Peccato. Ma qual è stato il segreto di questa stagione?
«La campagna acquisti in estate. Abbiamo due squadre di titolari. E sono tutti bravi ragazzi. Lo si nota in campo perché non si fanno mai espellere, ma anche fuori dal campo: forse perché molti dei calciatori sono cristiani religiosi e non si abbandonano ai peccati? (ride, ndr) Ma ci sono due giocatori a cui non possiamo rinunciare».
Quali?
«Declar Rice, che a centrocampo è pazzesco. E poi il portiere David Raya, un altro criticato all’inizio ma poi diventato indispensabile».
E ora la finale di Champions contro il Paris Saint Germain…
«Possiamo giocarcela con tranquillità, senza la tensione di un campionato in bilico. E sa bene che la Champions non l’abbiamo mai vinta…».
Un altro tabù da abbattere?
«Nel 2006 ero certo che avremmo perso contro il Barcellona, quest’anno è diverso… Ma anche se non capitasse tra dieci giorni, potrebbe avverarsi nei prossimi anni, visto il ciclo che abbiamo iniziato e rivali come Liverpool e City in difficoltà».
A proposito, andrà a Budapest per la finale?
«Certo, con i miei figli».
E va ancora in trasferta ogni settimana con i tifosi?
«Non più. Ho 69 anni oramai e una famiglia. Ma non mi perdo nemmeno una partita in casa dell’Arsenal».

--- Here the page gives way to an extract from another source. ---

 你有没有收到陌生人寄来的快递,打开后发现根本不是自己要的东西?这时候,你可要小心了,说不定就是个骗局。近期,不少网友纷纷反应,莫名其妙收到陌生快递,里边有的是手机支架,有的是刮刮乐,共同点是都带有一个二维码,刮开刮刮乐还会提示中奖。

Da quanti anni è abbonato?
«Dal 1986… caspita, sono 40 anni, non ci avevo fatto caso!».
Le piace il Var?
«No. E lo dico anche se due settimane fa, contro il West Ham al 96’, il Var ci ha garantito la vittoria del campionato. È ridicolo rovinare la spontaneità delle reazioni dei tifosi allo stadio, o aspettare cinque minuti per capire se è gol o no. Ciò danneggia l’autenticità e l’atmosfera del calcio. O vogliamo parlare di quanto siano ridicoli oggi falli di mano e fuorigioco? Preferisco perdere per un errore dell’arbitro, giuro».
Ma, Var a parte, apprezza il calcio di oggi?

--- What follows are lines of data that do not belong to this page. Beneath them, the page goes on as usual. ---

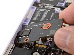 Поднимите правый край аудиоплаты пальцами и вытяните её из гнезда.
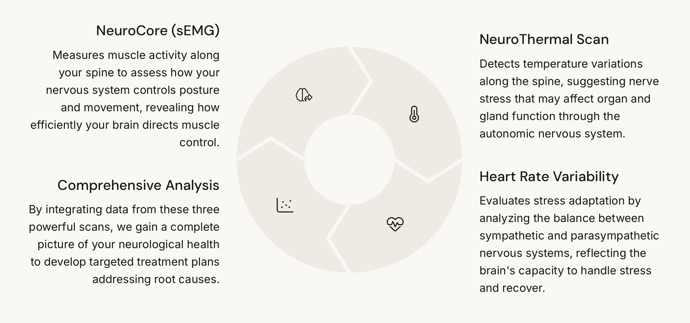 Our thorough evaluation examines the two critical pillars of health: Neurological and Metabolic health. These major systems control and influence every cell, every tissue, and every organ in the body. This enables our team to be able to have a complete picture of your health status, and guide our customized care approach.
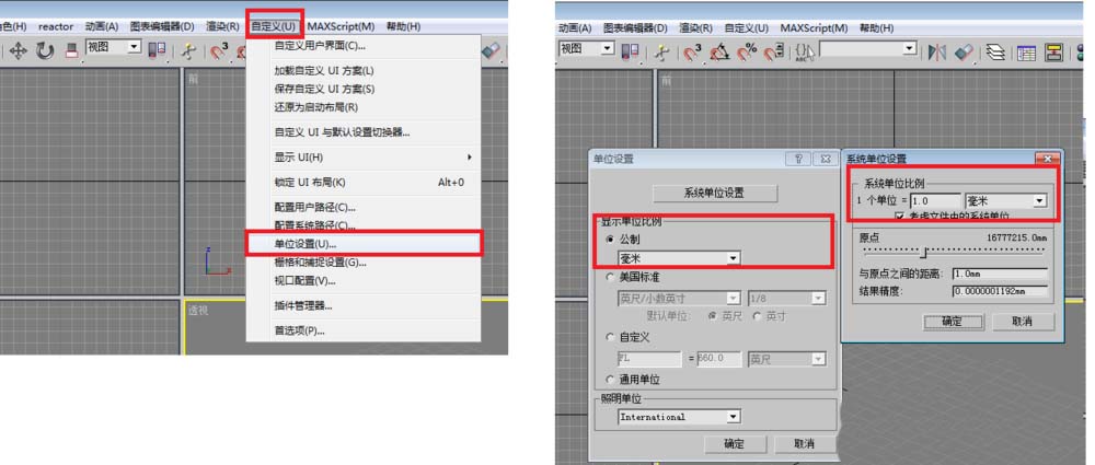 1、在建立模型之前,我們首先對單位進行設置,方便后續的操作。單擊自定義/單位設置,設置公制為毫米,再單擊系統單位設置,設置系統單位比例:1個單位=1毫米,設置完畢后單擊確定。

«È meno romantico di un tempo, e ha meno legame con la comunità. Ma la qualità è cresciuta enormemente ed è molto più entusiasmante. Ai tempi di Febbre a 90’ in Inghilterra alcuni calciatori scendevano in campo ubriachi! Preferisco vedere Bukayo Saka sobrio che un attaccante alcolizzato degli anni Ottanta».